Authors: P. Bisconti, M. Galisai, M. Prandi, F. Pierucci, V. Suriani, F. Giarrusso, O. Sorokoletova, D. Nardi
4. What does it take to be a good AI research agent? Studying the role of ideation diversity
Key points:
This paper investigates the factors that contribute to the success of AI research agents when designing and training machine-learning models autonomously. The authors argue that the range of ideas considered by an agent at the outset plays a decisive role. By studying a large collection of agent runs on MLE-bench, spanning different underlying models and scaffolding setups, the authors found that systems capable of generating a broader mix of candidate approaches tended to achieve stronger results. Agents backed by different architectures display distinct levels of ideation variety, and those that ultimately perform best consistently explore a wider set of preliminary concepts. To test whether this relationship is causal rather than coincidental, the researchers deliberately altered the diversity of the agents' initial proposals. Whenever diversity was restricted, the quality of the agents' solutions declined; when diversity was encouraged, however, outcomes improved. The researchers further validated this pattern across multiple evaluation schemes beyond MLE-bench’s standard medal scoring, showing that the connection between idea variety and performance persists across metrics.

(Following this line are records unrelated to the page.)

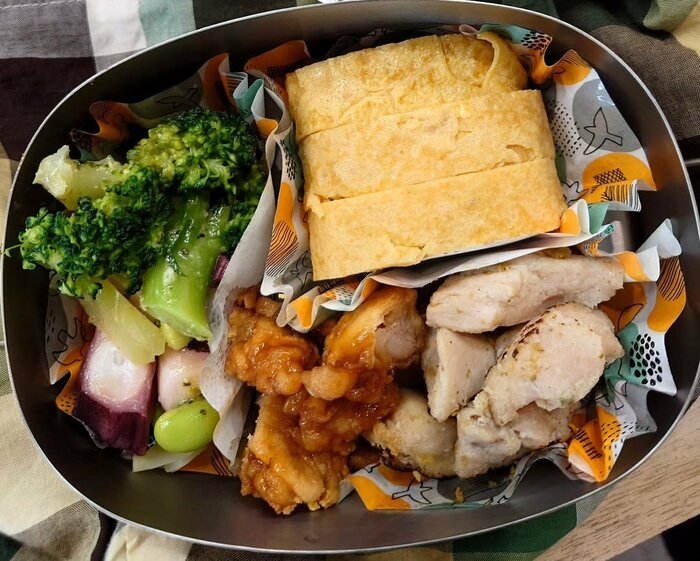 おかずはというと、唐揚げやさっぱり味付けのチキン。形がキレイな卵焼きや、ブロッコリーとタコを合えた副菜も用意していて、満足感を得られそうです。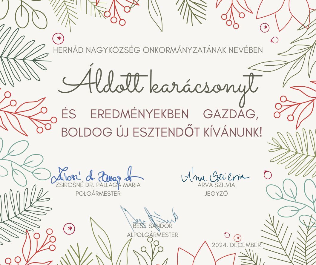 A magam, Hernád Nagyközség Önkormányzatának Képviselő-testülete, valamint minden önkormányzati dolgozónk nevében áldott karácsonyt, egészséget, békét és boldogságot kívánok minden hernádinak, minden magyarnak és minden embertársunknak.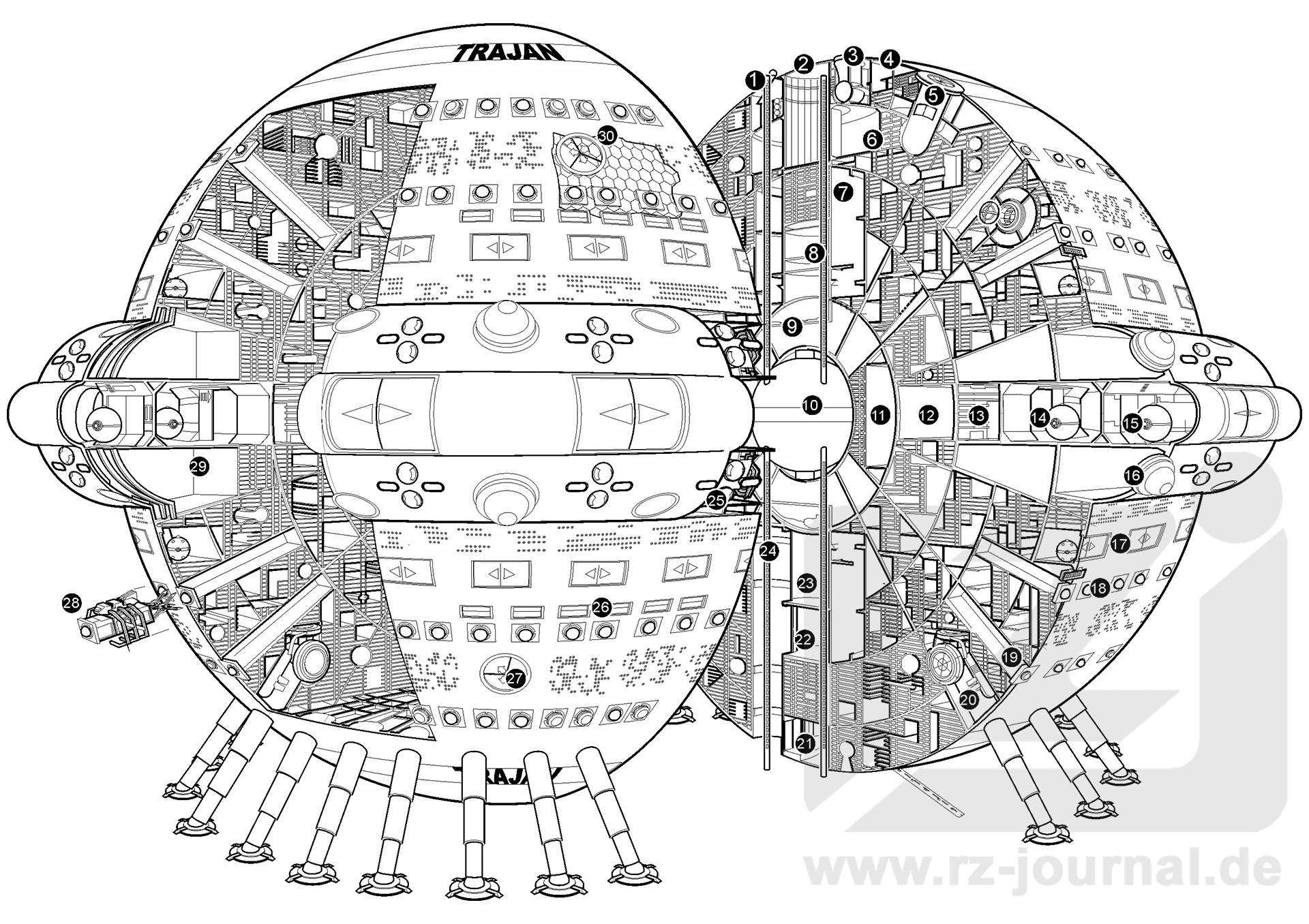 Die TRAJAN ist ein Kugelraumer vom gleichen Bautyp wie die legendäre MARCO POLO. Ursprünglich im Jahr 3459 n. Chr. als Ersatz für das alte USO-Flaggschiff IMPERATOR erbaut, wurde sie zunächst nicht in Dienst gestellt, sondern eingemottet, dann aber etwa seit 1300 NGZ von der Neuen USO reaktiviert und auf den technisch allerneuesten Stand gebracht. Die sehe aufwendigen Umbauten kosteten Unsummen. Das führte dazu, dass die TRAJAN erst im Jahre 1311 NGZ in Dienst gestellt werden konnte. Die TRAJAN dient der USO als mobiler Großträger für Kleinraumer und Ausweich-Hauptquartier, sollte Quinto-Center selbst gefährdet sein. Eine Stammbesatzung von 2000 Männern und Frauen ist erforderlich, um einen Drei-Schicht-Betrieb sicherzustellen, so dass die TRAJAN immer voll einsatzbereit ist. Weitere 4000 Männer und Frauen bedienen die Beiboote. Zusätzliche USO-Spezialisten und Besatzungsmitglieder können an Bord genommen werden, falls dies erforderlich sein sollte. Die TRAJAN ist mehrfach redundant ausgerüstet. Das umfasst alle Bereiche. Sie kann sich auf mehrere Arten überlichtschnell bewegen – mittels Metagrav, Lineartriebwerk oder Transitions-Sprungtriebwerk. Die Energieversorgung wird von vier großen internen Hypertrops, sechs kleinen Not-Hypertrops, sechs NUGAS-Kraftwerken und unzähligen Fusionsmeilern sowie durch den Prototyp eines Hyperraum-Permanentzapfers sichergestellt, als Zwischen- und Notspeicher dienen große und kleine Gravitrav-Speicher. Das Schiff ist in hohem Maße modular gestaltet worden. Fast alle alten Waffenkuppeln wurden entfernt. Stattdessen nehmen nun »Taschen« von rechteckigem Querschnitt die Waffenmodule auf. Alle Waffen haben genormte maximale Außenmaße und können demzufolge beliebig ausgetauscht werden. Lediglich beim überschweren Pol-Intervallgeschütz, dem »Affengift«, würde der Umbau geringfügig länger dauern, weil seine »Tasche« komplett ausgetauscht und Peripherieaggregate umgruppiert werden müssen. Um Modernisierungen und Umbauten zu vereinfachen wurde die fortschreitende Miniaturisierung der Technik und das enorme Volumen der Zelle genutzt, um sechs große Reparaturschächte in das Schiff einzuziehen, die von verschiedenen Stellen aus in verschiedenen Richtungen weit in das Schiff hineinreichen. Auch im Schiff verlaufen mehrere solcher großen Schächte. Die Kreuzerhangars werden ebenfalls zu diesem Zweck genutzt, so dass selbst große Aggregate tief aus dem Schiffsinneren, wie z. B. die zentralen Gravitrafspeicher, in einem Stück ausgetauscht werden können. Kein anderes Großraumschiff der Milchstraße kann der TRAJAN zur Zeit das Wasser reichen, was konventionelle Feuerkraft oder Umbauoptionen und -zeiten angeht. Durch ihre Variabilität kann sie der USO noch viele Jahre als Flaggschiff dienen. Kein unerheblicher Umstand, bedenkt man die Baukosten. Im Bild zeigt die TRAJAN gerade die typischen Charakteristika eines in Kürze bevorstehenden Alarmstarts. Die Impulstriebwerke laufen schon und die Metagravs sind aktivert und schillern demzufolge grünlich. |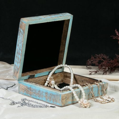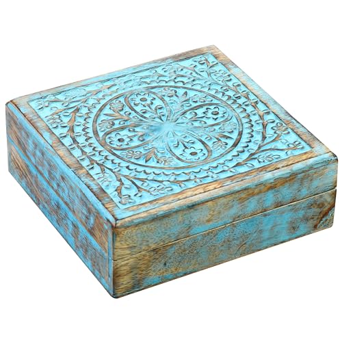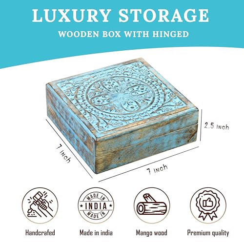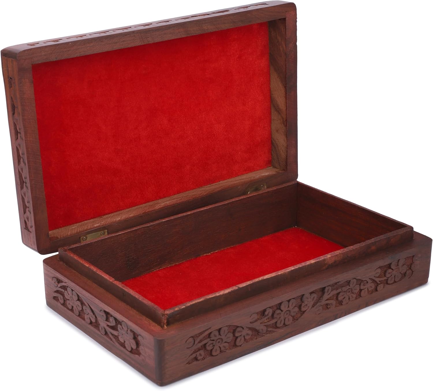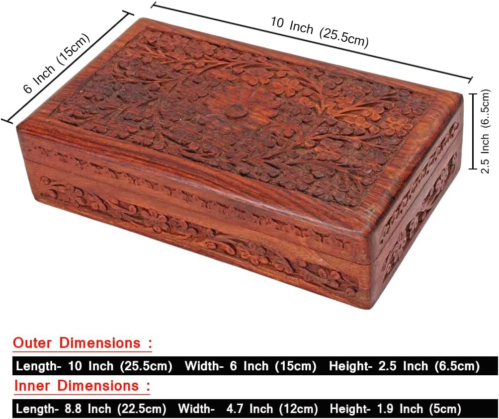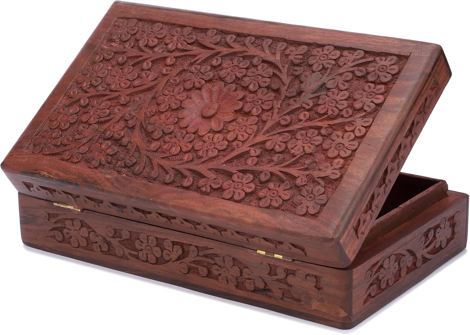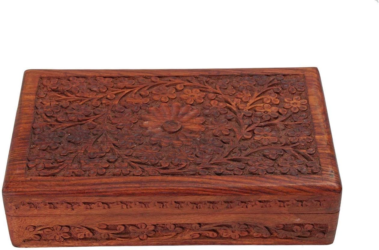 Ajuny Wooden Handcrafted Decorative Antique Wooden Keepsake Jewellery Organiser Handmade Multipurpose With Intricate Floral Carvings Jewelry Keepsake Storage Box Watch Box

Authors: Alexis Audran-Reiss, Jordi Armengol Estapé, Karen Hambardzumyan, Amar Budhiraja, Martin Josifoski, Edan Toledo et al.
5. ToolOrchestra: elevating intelligence via efficient model and tool orchestration
Key points:
The authors introduce ToolOrchestra, a training framework that uses reinforcement learning signals to teach small orchestrators to manage specialised models. Using this method, they have developed an 8-billion-parameter controller called Orchestrator that achieves greater accuracy than previous tool-enabled agents while operating at a much lower cost. Evaluations demonstrate that the system effectively and efficiently handles the complex challenges posed by Humanity’s Last Exam, outperforming larger models. It also achieves a higher score than GPT-5 on tau2-Bench and FRAMES despite requiring a fraction of the computing power, and it maintains reliable performance even when interacting with unfamiliar tools. Key findings show that lightweight orchestrators can outperform larger models on complex reasoning tasks, achieving a better balance between accuracy and resource utilisation. They can also generalise across new tool configurations and match user intentions for tool selection.
Authors: Hongjin Su, Shizhe Diao, Ximing Lu, Mingjie Liu, Jiacheng Xu, Xin Dong et al.